Exercise brief: Every line of the listing below is to be duplicated exactly, with the pictures left out.

Data:
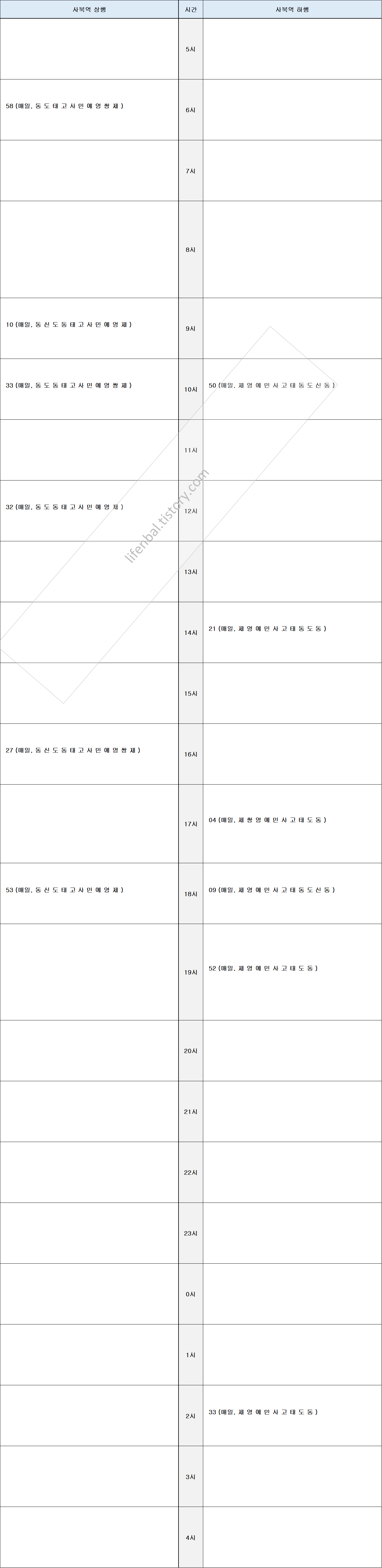 시간표 참고하여 출퇴근 및 여행일정 세우시기 바랍니다.
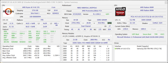 SCHENKER XMG Core 16 M25 AMD Ryzen AI 9 HX 370 ⎘ Nvidia GeForce RTX 5070 Laptop ⎘ 64 GB Pamięć, 2048 GB SSD | Cena katalogowa: 2100€ | 2.1 kg | 23 mm | 16.00" 2560x1600 189 PPI IPS | |
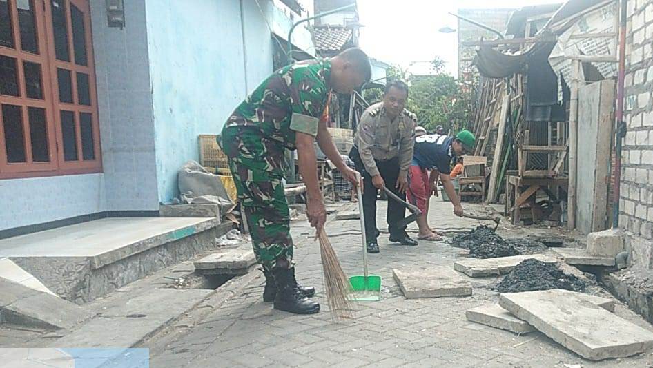 Dalam kesempatan itu, Aiptu Puji Sugiarto ikut membantu warga bekerja bakti bersama Sertu Suwardi, Babinsa Koramil Kenjeran.
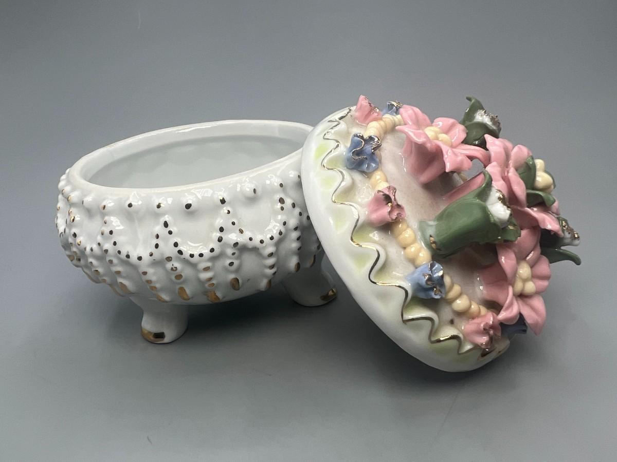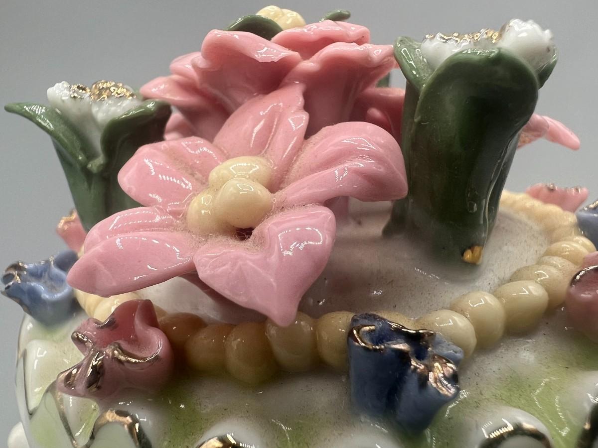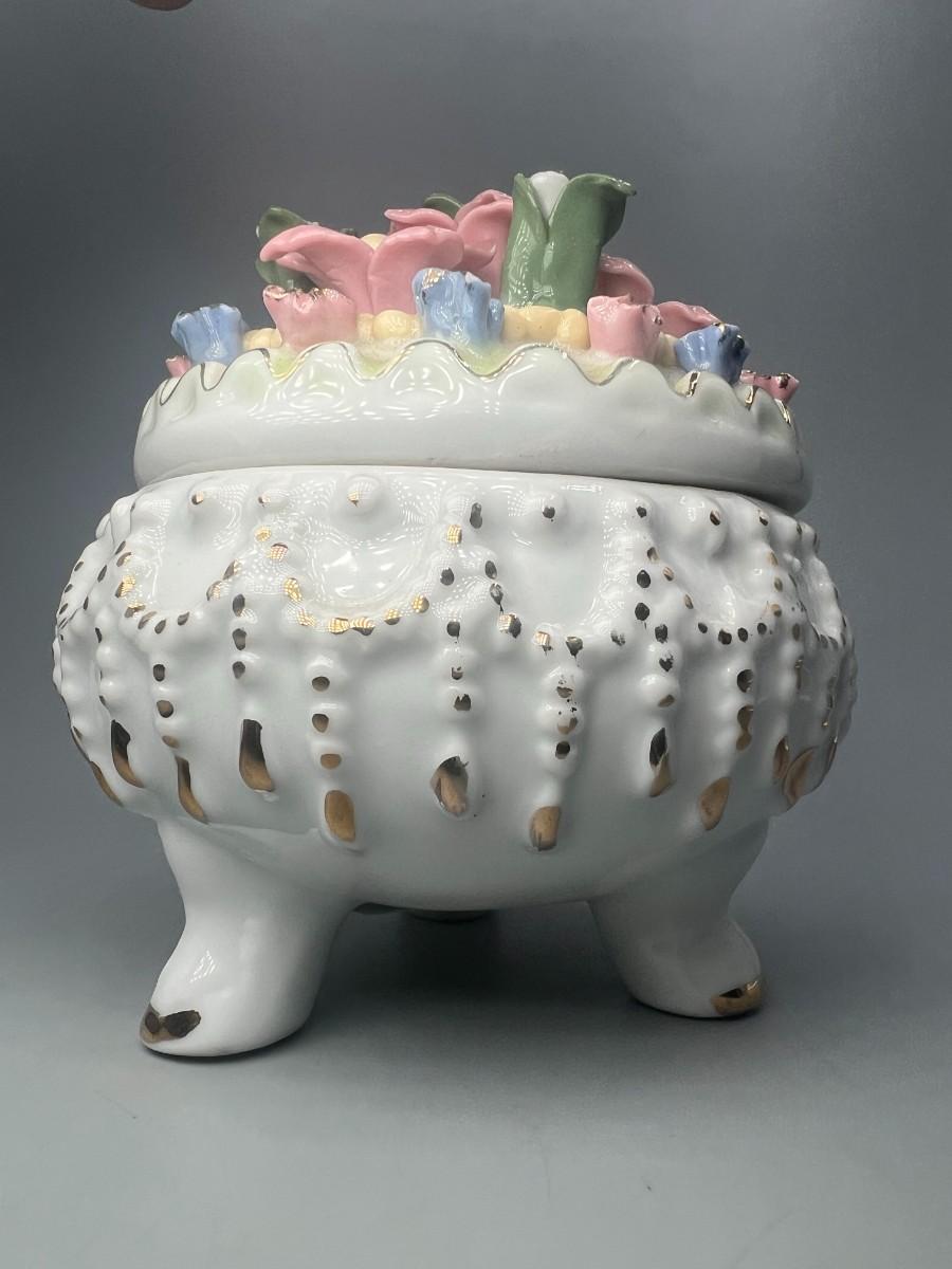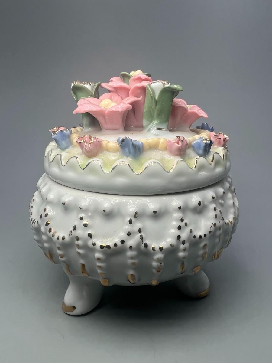 Small Vintage Floral Top Porcelain Lidded Trinket Jewelry Dish

Exercise output:
 시간표 참고하여 출퇴근 및 여행일정 세우시기 바랍니다.
 SCHENKER XMG Core 16 M25 AMD Ryzen AI 9 HX 370 ⎘ Nvidia GeForce RTX 5070 Laptop ⎘ 64 GB Pamięć, 2048 GB SSD | Cena katalogowa: 2100€ | 2.1 kg | 23 mm | 16.00" 2560x1600 189 PPI IPS | |
 Dalam kesempatan itu, Aiptu Puji Sugiarto ikut membantu warga bekerja bakti bersama Sertu Suwardi, Babinsa Koramil Kenjeran.
 Small Vintage Floral Top Porcelain Lidded Trinket Jewelry Dish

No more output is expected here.